Help foster your child’s creativity and imagination with these fun toy activities.
by Michelle Anthony, PhD via Scholastic
Open-ended toys: These are toys that can be played without an end goal in mind, encouraging creative problem solving and fostering imagination.
- Blocks: Foster thinking such as measurement, equality, balance, shape, spatial relationships, cause-and-effect, physical properties, gravity, etc. Think of many different kinds: wooden, bristle, Duplo®, etc. Magnetic and foam blocks are particularly good for younger infants, whose coordination is less developed.
- Dress Up Props: As toddlers develop, dress up and symbolic play fosters creativity! A dress up bin that leaves lots to your child’s imagination is a perfect way to enhance thinking.
- Pretend Play: As toddlers develop, their imaginary play skyrockets.
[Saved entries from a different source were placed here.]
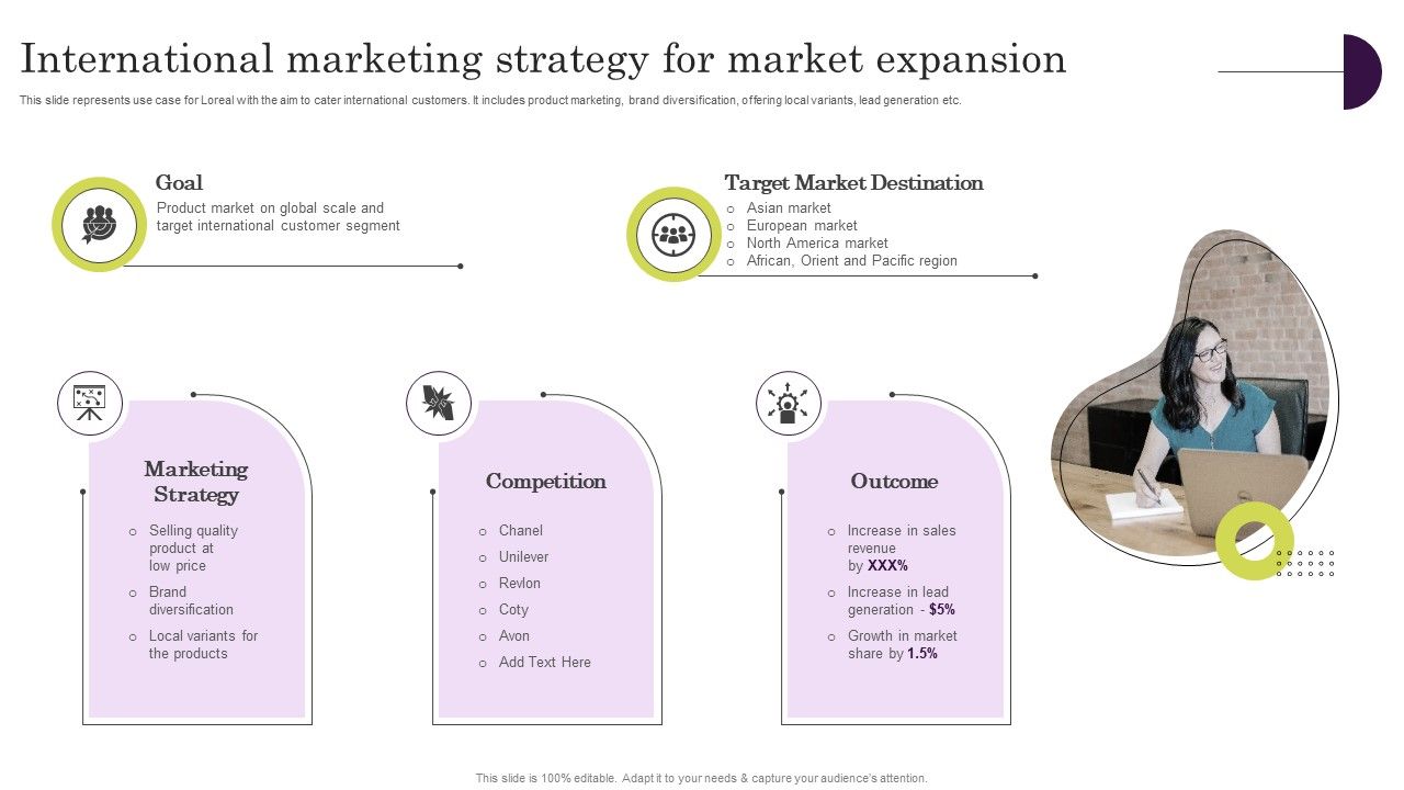 This slide represents use case for Loreal with the aim to cater international customers. It includes product marketing, brand diversification, offering local variants, lead generation etc. Boost your pitch with our creative International Marketing Strategy For Market Expansion Ppt Show Vector PDF. Deliver an awe inspiring pitch that will mesmerize everyone. Using these presentation templates you will surely catch everyones attention. You can browse the ppts collection on our website. We have researchers who are experts at creating the right content for the templates. So you do not have to invest time in any additional work. Just grab the template now and use them.
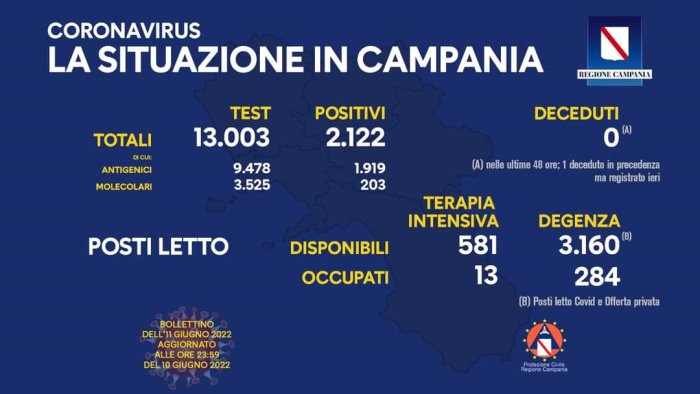 (*) nelle ultime 48 ore; 1 deceduto in precedenza ma registrato ieri.
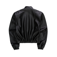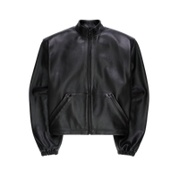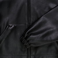 100% genuine leather jacket with stand collar and defined shoulder shape. Hand cut and hand stitched in the USA with cotton fleece lining and black matte finished zipper.
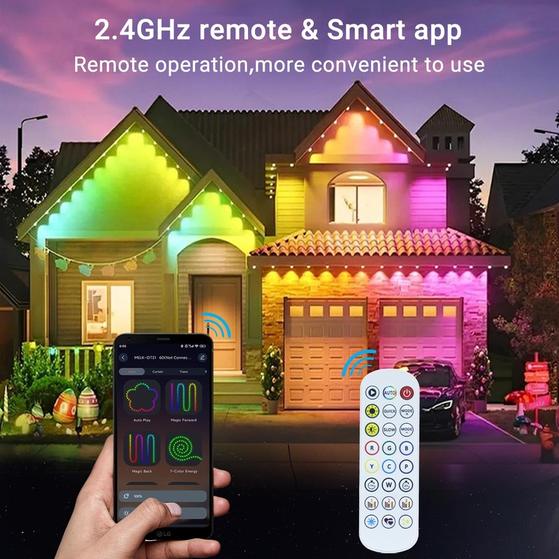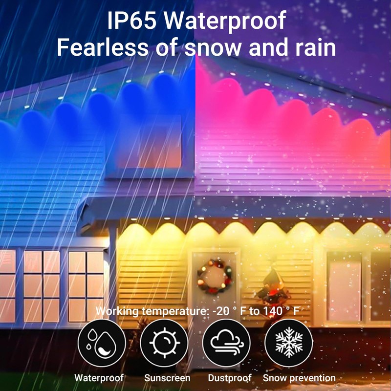 - 【Dynamic Festive RGB+IC Lighting】 :This RGB+ IC outdoor eave light with 33 scene modes,16 Million RGB colors, Music & Mic Mode, Multi functional mode selection, seven color jump, three color jump,seven color gradient, three color gradient, seven color strobe, timing function, etc
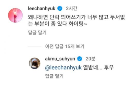 韩网讯/ 乐童音乐家(AKMU)打破2年空白期於8月21日发行单曲专辑《Love Lee》,临近宣传活动尾声时,妹妹秀贤通过个人IG发表长文感慨、令人心酸动容,没想到哥哥灿赫一回覆,画风瞬间变了。
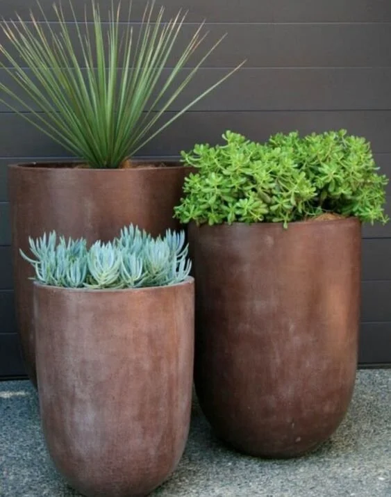 Metallic pots are the latest trend I’m seeing in gardens and landscaping. These huge, sleek pots come in silver, bronze, gold, and iron tones.
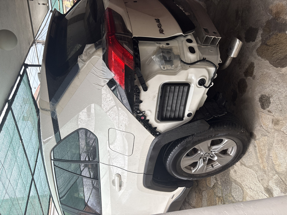 Location: City of Unknown, Unknown. The scene depicts the rear-right side of a white Toyota RAV4 SUV in a state of partial disassembly, parked on a wet, irregular stone-paved surface under a green mesh shade net. The vehicle's rear bumper is completely removed, exposing the silver metal bumper beam, a chrome exhaust pipe, and various wires and mounting points. The right rear quarter panel shows exposed black plastic internal brackets and a black louvered vent. The right taillight assembly is intact and visible. White adhesive tape is applied around the upper rear window and spoiler area of the vehicle. Water droplets are visible on the vehicle's surface and the ground, which shows several puddles and damp areas. A spherical white light fixture hangs from the overhead structure. No individuals are present in the image.

Support your child’s creative thinking with people or animal figures, vehicles, puppets, etc., allowing them to weave their own storylines.
- Books: Remember that books can be toys as well! Get baby-safe sturdy board books, or cloth or bath ones. From simple stories, to pop out pieces, to touch and feel, to wordless tales, books can take your child to magical places…be sure you are along for the ride!
- Puzzles: While there is usually one set solution for a puzzle, there are many ways to get there. You can also use puzzle pieces as puppets or for storytelling. And many make sounds, foster thinking skills, or otherwise engage very young learners.
- Storytelling Pieces: Think magnets of family photos, felt shapes or objects that move around felt attached to a cork board, etc. Talk with your child about what he is doing, or create an ad hoc silly story on the spot.
Art Materials: Make sure these are always non-toxic and baby-safe. Getting chunky ones makes them easier for younger children to hold. Washable items make clean up easier!
- Think crayons, markers, paints, chalk, stampers, Dot Stampers (low mess!), etc.
- Don’t forget playdough, clay, and other soft malleable substances (e.g., cornstarch and water is a magical experience!)
- Collage materials, if safe and supervised, are great ways to extend thinking and make art more three-dimensional. Think yarn, lace, fabric scraps, floral foam, chenille stems, even cardboard paint chip samples will add color and design!
- With supervision, introduce scissors, tape, glue, and other materials by letting your child explore with no end goal in mind.
- Do finger paints, shaving cream play, or other messy art in the tub for easy clean up.
- Worried your baby puts everything in her mouth? Don’t let this stifle creativity! Why not add a dab of food coloring to your baby’s yogurt and let him “paint” his tray? Love what she did? “Capture” it by placing paper atop it and gently pressing to get a reverse print to dry and hang. Instant art!